September 24, 2012

Yes and No.

Before going to sleep, I often let my mind fade into thinking about random thoughts and ideas in a form of meditation. Because I am a MMA competitor, those thoughts often turn to new techniques.

I imagine weird situations or techniques that most people never think about doing because, “that wouldn’t work,” or, “my teacher told me not to do that.” Those limiting beliefs can cost you dearly if you never actually go out and see for yourself.

Nothing is taboo for me on the mats. If a technique works and it is legal, I don’t care how silly it looks or where it came from. I am all about effectiveness and expanding the horizon of martial arts.

Last night I had envisioned three techniques just before going to bed. So I wrote them down in my iPad to make sure I remembered them and practiced them after training.

Sometimes these “dream moves” don’t work. They just translate into the real world as they do in my mind, which is ok. Often times, I gain a better understanding of MMA by knowing why something doesn’t work, which can be used to fix the technique and make it work.

However, today these three techniques worked well in practice mode. So now it is time to use it in sparring and see how they really work. Two of the techniques are very promising and are new Kimura Trap (www.KimuraTrap.com) techniques that come from a completely new angle that should really surprise a lot people.

So moral of the story is to make your dreams work for you. The important part is to write them down. If you just think of a cool idea and let it go at that, more often than not it will just fade away and be forgotten forever.

  • Visualization is a great tool! Growing up in martial arts, I learned different methods of meditation. The method in which I saw the quickest result from was visualization. It was introduced to me as an eary teeneage by my wrestling coach. He showed us videos on how to do it and the studies that were behind it. We tried it the next day at practice. And believe it or not 90% of the people that were training got injured. From there, my wrestling coach said that it was a useless exercise that didn’t work. I saw that change in myself and my friends. We were harder working and more focused. So, I continued to use it and it helped me become a better wrestler. I still use it today.
    I think that this was a great article but, can you take it a step further? Can you teach it and give us real notes and do it on video. That is my challenge to you!

  • Phil Laplante says:

    Awesome seminar this weekend (at Noel Smith’s place).

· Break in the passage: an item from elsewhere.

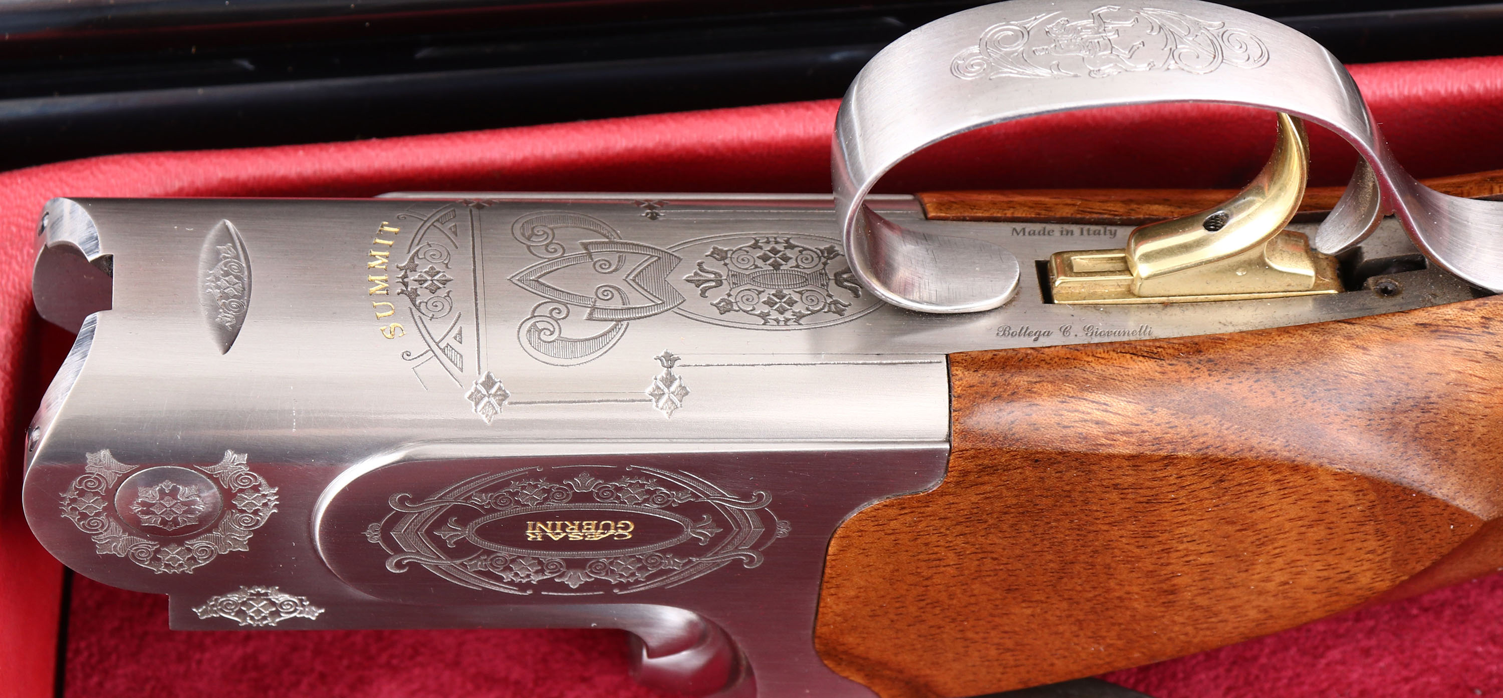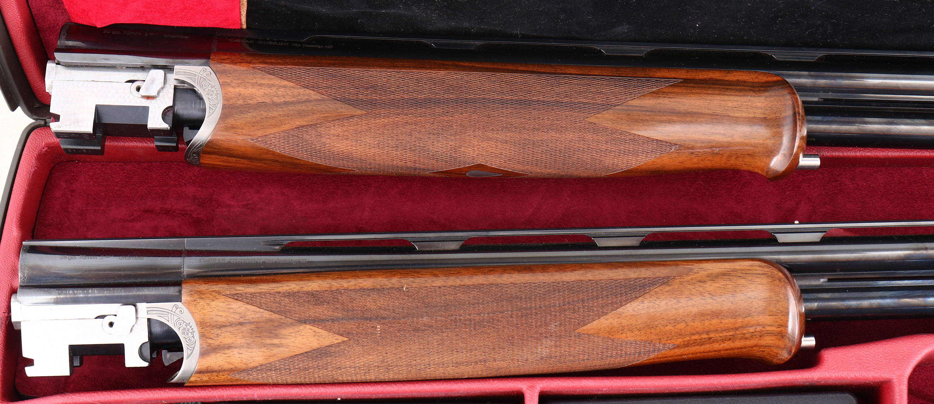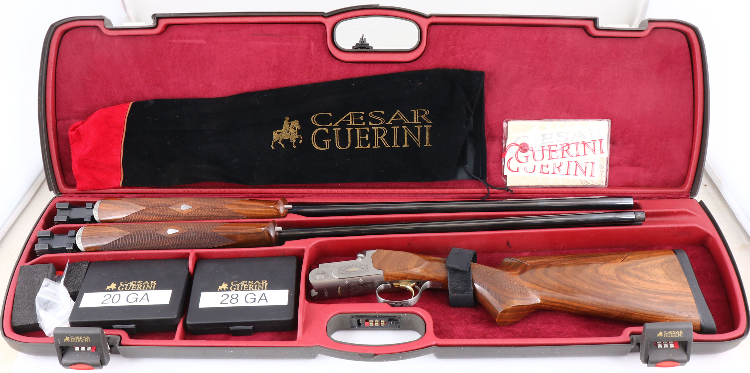CASED, Caesar Guerrini, Model ''Summit Sporting'' 2 Barrel Combo Set, CAL: 20GA & 28GA, MFG: Modern, SN: 128382, O/U Break Action Shotgun, 32'' barrels (20GA), 32'' barrels (28GA). The high grade checkered stock, with schnabel forend, adjustable comb & hand rubbed oil finish is excellent, displaying minor handling marks to the finish. The hand polished coin silver finish on the receiver is excellent, with minor blemishes. The receiver, break lever & trigger guard all display ornamental engravings & patterns. The words ''Caesar Guerrini'' & ''SUMMIT'' are gold tone. The metal blue finish on the barrel sets rates 99% overall, with very minor handling & storage marks. Bores are excellent, displaying light wear from use. The ventilated & matted rib holds a small steel mid-rib bead & white ''Bradley'' style front bead, consistent on both sets of barrels. Stock carries a C.G black rubber recoil pad. Gold tone trigger. Comes in factory hard case, with velvet sleeves for all components, separate choke sets for 20GA & 28GA, owners manual, tool & C.G stickers. This set retails for over $8000 & is without a doubt an efficient tool designed to withstand a lifetime of competitive shooting. FFL Req. - Value: 5000 to 8000
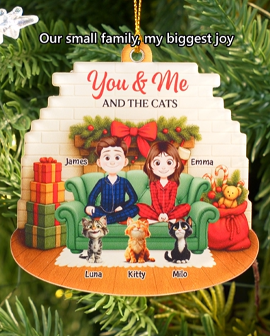 [3D Printing Effect] Custom Acrylic Xmas Ornaments - Gifts for Couples with Cats

I’m looking forward to practicing the trap techniques you taught us.

    To your point about thinking out of the box, I was wondering if there is any way to use the kimura from the bottom of the mount somehow (say, if you can trap the arm during a choke attempt or if he makes a mistake) as a way to set up an escape?

    Thanks again

  • really great videos your are sending me, as i have not long taking up the sport all the info i receive is taken on board, as for visulization is one thing at times i feel as thou my mind goes blank which is the norm at still an early stage, just needing to relax more any tips on that will be more than welcome.
    as for the kimura superb great move.